The second step will be described in detail below using the penXmlFile in xlsx format as an example.
Firstly, decompressing openXml File to obtain a corresponding XML file according to a directory rule, wherein the openXml File is an openXml directory folder. Wherein xl/worksheets/sheets 1.Xml is a table structure file, and xl/sharedstrings. Xml is a string shared storage file. The reading table structure file is sheet1, and the reading character string sharing storage file is sharedString.
Next, read sheet1 is the Xml structure sheet Xml1 and read sharedString is the Xml structure sharedStringXml.
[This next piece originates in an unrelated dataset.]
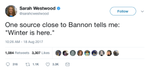 Shapiro believes that Bannon will now become a White Walker; an angel of death destroying all before him; foes and former allies alike.

Finally, the number of lines of the shaetXml 1 are obtained, shaetXml 1Rows [ ], and the data of the processed line array is shaetXmlStr. Specifically, 1) all cell cells in a row are acquired. 2) And selecting a corresponding value processing method according to the cell type. When the cell type is s, namely the character string type, acquiring a corresponding text from sharedStringXml according to a index of a subscript and returning the text; when the cell type is n, namely the digital type, directly acquiring v, namely the value and returning; and when the cell type is other types, all the xml tags are removed regularly, and the rest content is spliced and returned. 3) All cell text in the line is summarized, and the line text strings are summarized by separating the cell text by half-angle commas. 4) And adding a row subscript correction number to the tail of the row text. 5) The row array text is assembled, separated by "|", and the table text strings (i.e., the text content corresponding to the asset register text) are assembled.
Here, when the file type of the asset register file is text, the asset register file is directly used as the asset register text.
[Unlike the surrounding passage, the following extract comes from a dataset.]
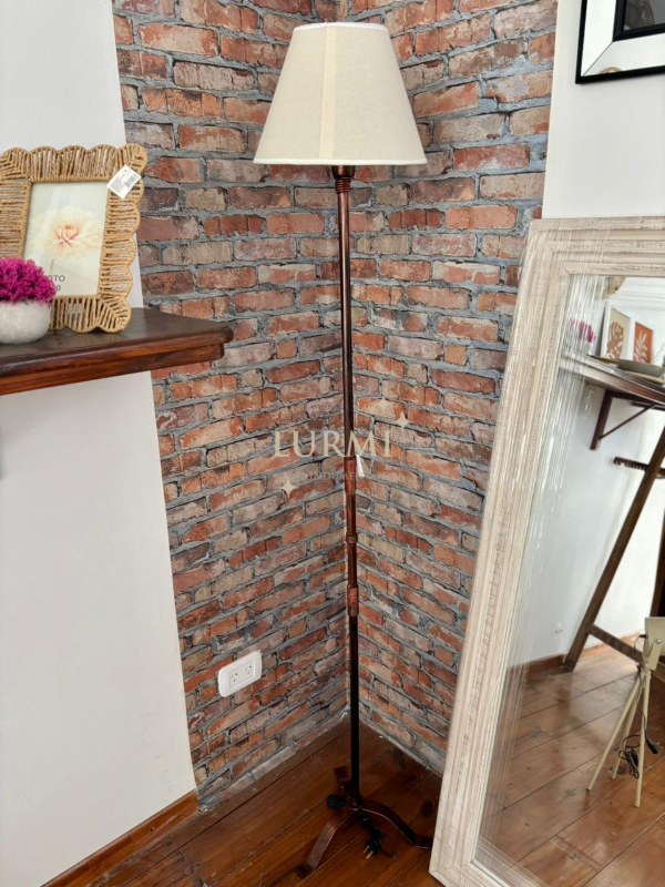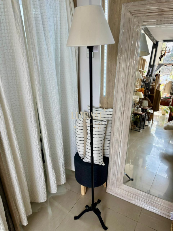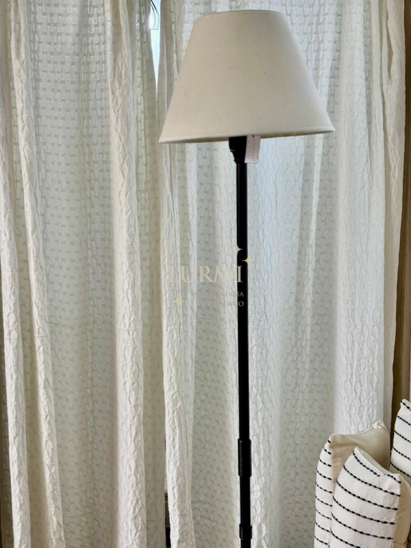 Lámpara de pie de metal con argollas y pantalla cono lisa en color blanco. Disponible en color negro y/o cobre. 1,70mts de alto aprox.

After the asset register text is obtained, all asset register text may be cached in the local server. The time for caching the asset registration text in the local server can be set according to a specific application scene. For example, the buffering time of the asset register text in the local server may be set to 4 hours.
S1300, identifying whether the invoice reuse risk exists or not based on the invoice information and the asset registration text.
In one possible implementation, when identifying whether there is a risk of invoice reuse based on invoice information and asset registration text, the following steps may be included:
first, word segmentation processing is carried out on the asset registration text, and a word segmentation result of the asset registration text is obtained. Specifically, the asset registration text may be subjected to word segmentation using a natural language processing tool, thereby obtaining a word segmentation result including a plurality of word segments.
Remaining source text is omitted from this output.